Todo lo que confesaré en las líneas que siguen, me avergüenza. No lo escribas, pues, debéis pensar. Tenéis razón. Me avergüenza de la misma manera que me explica y que si alguien se encuentra será cobijo y consuelo en la distancia, un abrazo de hermandad consumista y de moral frágil. Hablo de la cantidad de ropa que tengo en el armario. Hasta hace pocos días no tuve la urgencia (como un remolino de viento de estos días de puente) de vaciar cajones de ropa de verano para hacer espacio (con toda aquella complejidad) a jerséis de lana y pantalones de pana. Me avergüenzan las pilas de ropa, toda parecida, toda prácticamente igual: camisetas negras, jerseicitos a rayas, montañas de tejanos que son el mismo tejano que ha necesitado centenares de litros de agua para hacer ver que está gastado y un poco roto. Nadie de este mundo sería capaz de diferenciar los unos de los otros, casi ni yo que los compré por aquel matiz que me pareció inigualable.

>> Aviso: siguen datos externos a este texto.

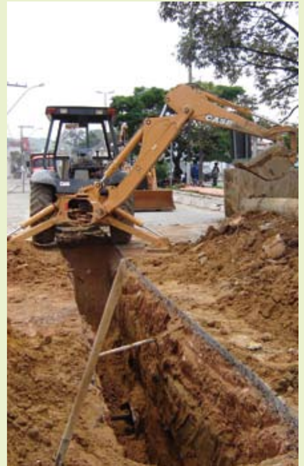
Obra de saneamento feita pela Copasa no Pontilhão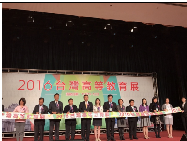
2016臺灣高等教育展開幕儀式。

Un armario lleno de básicos
Hace quince días hablaba de la gente que vuela en primera clase y de los que tienen jets privados, pero me ha explotado la propia realidad en la cara cuando me he dado cuenta de que hago lo mismo a escala de armario con básicos de Zara (encima contribuyo a la explotación de niños de Bangladés). He vaciado cajones para encontrarme ropa que hace años que no me he puesto y que todavía no, todavía no me desprendo. Todos los pantalones pitillo de la época en que pareció que no vestiríamos nunca más nada que no fueran unos pitillo bien estrechos de muslo y tobillo. Ahora haz sitio a la ropa recogida de los armarios de las abuelas que hace unos años nos parecía carnavalesca. Si alguien se mira los capítulos de La Granja (maravillosos, de finales de los ochenta, colgados en el 3cat) descubrirá que los personajes parecen unos modernillos que compran en las mejores tiendas vintage. Para que después alguien piense que no hay un Dios de la moda no sé dónde, determinando lo que nos parecerá bonito y moderno y que nos quedará que no veas.
Todo es una trampa, todo puede ser mentira y todo puede ser al revés
También me he he encontrado, un cambio de armario más, alguna ganga de unas segundas rebajas de hace unas cuantas temporadas con la etiqueta puesta. La confirmación del fracaso de aquellos momentos de duda (¿seguro que me lo pondré?) y que fue un sí, únicam y exclusivamente porque valía nuevo noventa y nueve y entonces es un mandato. El precio de una cubata, pensaba, en las épocas que ya no salía tanto de fiesta y me consolaba gastar en las tiendas de ropa lo que no invertía maltratándome el hígado. En los caminos recónditos del convencimiento, mi mente se sale: te lo puedes permitir, para eso trabajas, no pasa nada, es barato, siempre te compras cosas baratas, para ir cambiando, tampoco has tenido tantos caprichos, ahora viene una paga doble, es lo que te gusta, comprar ropa, comprar libros, comer fuera, no gastas tanto en viajes, no tienes hijos. Todo es una trampa, todo puede ser mentira y todo puede ser al revés. Repito el cliché monstruoso de comprar cuando tengo la autoestima baja, cuando alguna cosa no me ha ido bien, cuando me veo más fea, con aquellos granitos en la cara, cuándo hago ojos de cansada. Cuando creo que lo necesito. Así lo siento, como una necesidad. Va, que tampoco vendrá de esto y si después no te gusta te devuelven el dinero... Que floja que soy. Una necesidad. ¿Qué sabré yo de las necesidades de los jerséis de cuello alto negro de Zara?
Repito el cliché monstruoso de comprar cuando tengo la autoestima baja, cuando alguna cosa no me ha ido bien, cuando me veo más fea, con aquellos granitos en la cara, cuándo hago ojos de cansada
Cuando mi pareja me comenta la cantidad ingente de ropa que acumulo porque me ve llegar con otra bolsa llena, tengo a punto el contraataque: tengo tanta porque lo he acumulado a lo largo de muuuuuuchos años. Es eso, no la tiro, no la doy, la guardo toda, claro son pantalones comprados durante diez o doce años. Pero por dentro, bajo el jersey de cuello alto negro, bajo la piel, hay la vergüenza, el conflicto y la culpa. Soy lo que critico y lo que no me gusta del privilegio. Tengo la moral baladina como el tejido de las camisetas que volveré a comprar. Que no lo sepa nadie, que nadie más vea aquello que compro y que amontono. No lo explicaré. Y será como si no existiera.